- **Problem to solve**
From the listing below, restate word for word the lines from the line containing "Gambar 6. Pengempaan atau Pembentukan" down through the line containing "RESİM 5: Bebek beslenmesi eğitimi.". Exclude pictures.

- **Material for this task**
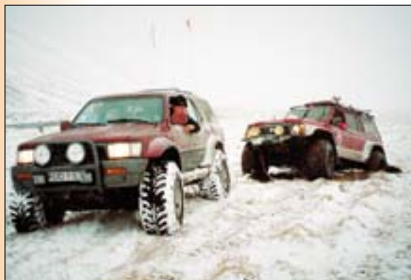
Eiður að draga bíl upp úr mýri.

snælduvitlaust veður, hvasst og skyggni einungis 2-3 metrar. Sleðamennirnir höfðu reynt að búa um sig þar til hjálp bærist en einn þeirra var þá látinn. Eftir umönnun björgunarfólks var byrjað að koma mönnum niður dalinn og að björgunartækjunum. Ferðin niður að Adda var mikil þrekaun. Þrír af þeim slösuðu gátu gengið sjálfir með aðstoð björgunarmanna, en bera þurfti einn mikið slasaðan og hinn látna. Neðst í dal-
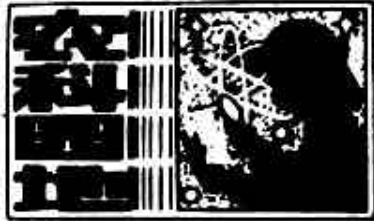
(景花 张雨 玉峰)
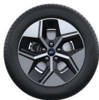
17" disky z ľahkej zliatiny Štandardná výbava Puma Gen-E
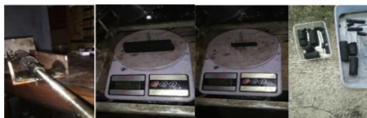
Gambar 6. Pengempaan atau Pembentukan

Tahap dalam pengempaan dan penjemuran sebagai berikut:
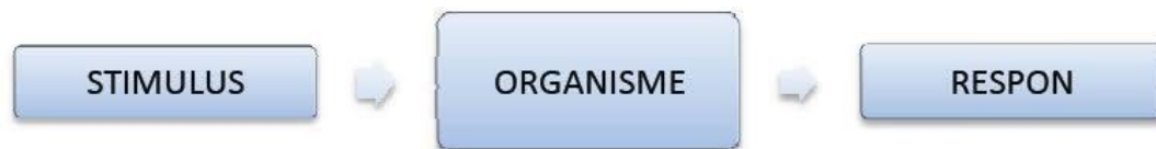
Gambar 2.1 Model Teori S-O-R

tindakan dan diberi respons oleh orang lain. McQuail menjelaskan bahwa elemen-elemen utama dalam teori ini yaitu pesan (stimulus: S), Komunikan (Organism: O) dan Respons (efek: R). 32
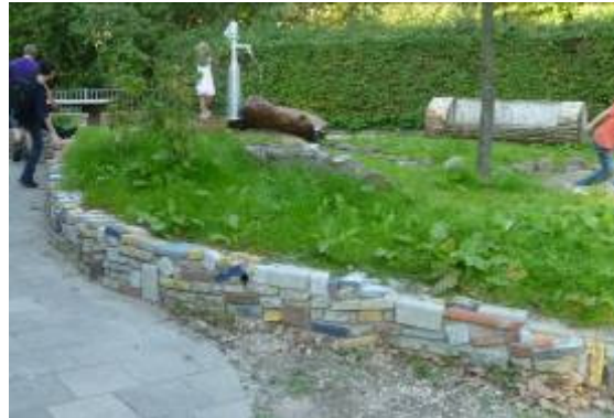
gemaakt door Hoek hoveniers
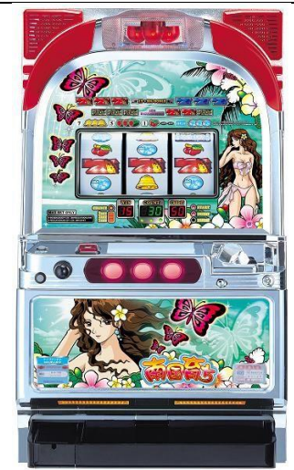
夏パネル(夏季面板)
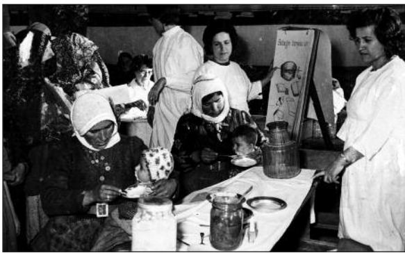
RESİM 5: Bebek beslenmesi eğitimi.

İnfertilite nedeniyle daha önce yapılan; karın üzerinde kızgın kavanoz gezdirilmesi, ağızdan çeşitli hayvanların spermlerinin içilmesi gibi yöntemlerden bahsedilmektedir. Çok ilginç bir infertilite baş-
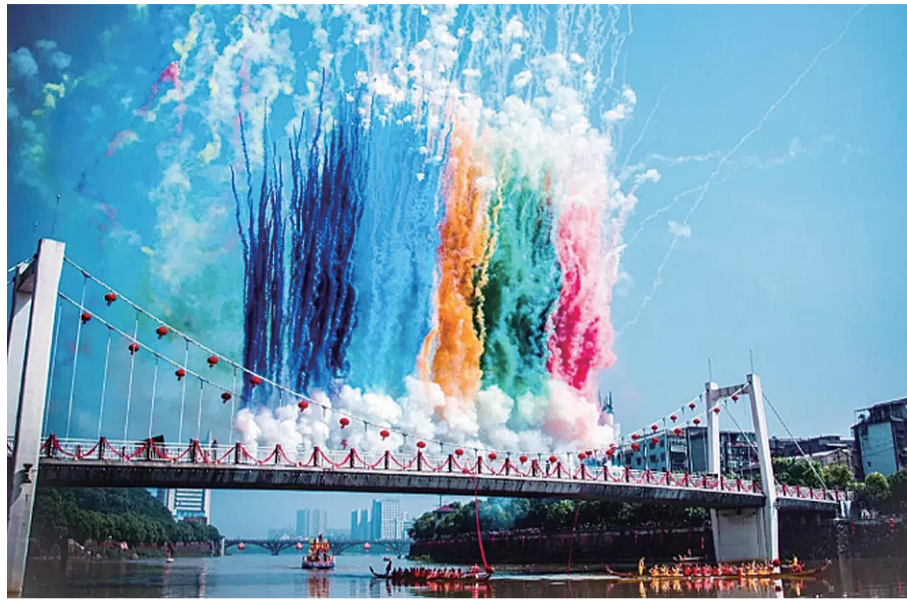
▲日景烟花燃放效果

- **Solution for this exercise**
Gambar 6. Pengempaan atau Pembentukan

Tahap dalam pengempaan dan penjemuran sebagai berikut:
Gambar 2.1 Model Teori S-O-R

tindakan dan diberi respons oleh orang lain. McQuail menjelaskan bahwa elemen-elemen utama dalam teori ini yaitu pesan (stimulus: S), Komunikan (Organism: O) dan Respons (efek: R). 32
gemaakt door Hoek hoveniers
夏パネル(夏季面板)
RESİM 5: Bebek beslenmesi eğitimi.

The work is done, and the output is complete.